When it comes to the other equation there, I see that its the same as the area:
|v3|^2*|v4|^2-dot(v3,v4)^2 = (a^2+b^2)(c^2+d^2)-(ac+bd)^2 = (ad-bc)^2
However, I cannot see this geometrically.

Anyway, thanks a lot man. I think I had the answer in front of me from the beginning, it's just sometimes hard to actually see it ^^

 

[Dick]

Ah, sorry, I was a little to fast earlier. When I expanded the dot product and got the actual result, I thought I was finished.

So, the rotated unit v3 vector is, v3rot = [-b a]/sqrt(b^2+a^2)
Now we can do the scalar projection from v4 onto this, and we get the height of the parallelogram: h = dot(v4,v3rot) = (ad-bc)/sqrt(b^2+a^2).

Then the area of the parallelogram is: A=base*height = |v3|*(ad-bc)/sqrt(b^2+a^2)
= sqrt(b^2+a^2)*((ad-bc)/sqrt(b^2+a^2)) = ad-bc

That's just beautiful.

When it comes to the other equation there, I see that its the same as the area:
|v3|^2*|v4|^2-dot(v3,v4)^2 = (a^2+b^2)(c^2+d^2)-(ac+bd)^2 = (ad-bc)^2
However, I cannot see this geometrically.

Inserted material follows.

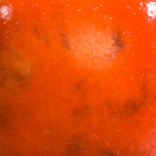 Cone 06 oxidation (large photo): Wildfire is an opaque orange base glaze with large yellow crystals that bloom and small black specks.

Anyway, thanks a lot man. I think I had the answer in front of me from the beginning, it's just sometimes hard to actually see it ^^

For the other approach you know |v3|*|v4|*sin(theta), where theta is the angle between the vectors, is the area you want. Use that dot(v3,v4)=|v3|*|v4|*cos(theta).

 

[liengen]

Ah, I see. By using the identity sin(theta)=(+-)sqrt(1-cos^2(theta)):

A = |v3|*|v4|*sin(theta)
A = |v3|*|v4|*(+-)sqrt(1-cos^2(theta))
A^2 = |v3|^2*|v4|^2*(1-cos^2(theta)) = |v3|^2*|v4|^2 - dot(v3,v4)^2

Again, thanks a lot man :-D

 

[cubzar]

Also, since the transform of a parallelogram with a vertex at the origin has area sclae factor ad-bc, the same applies for any triangle with a vertex at the origin, because the triangle can be added to its reflection in the side not touching the origin to make a parallelogram. Any polygon containing the origin can be split into triangles with the origin as a vertex and the areas summed. A polygon not containing the origin can be adjoined to another polygon, the whole expressed as a sum of triangles, then the adjoined polygon split up and its area subtracted. A shape which is not straight-sided can be approximated with an arbitrarily large number of triangles, and the number of triangles allowed to tend to infinity.
Therefore any 2D shape in a euclidean geometry has an area scale factor of ad-bc for the transformation.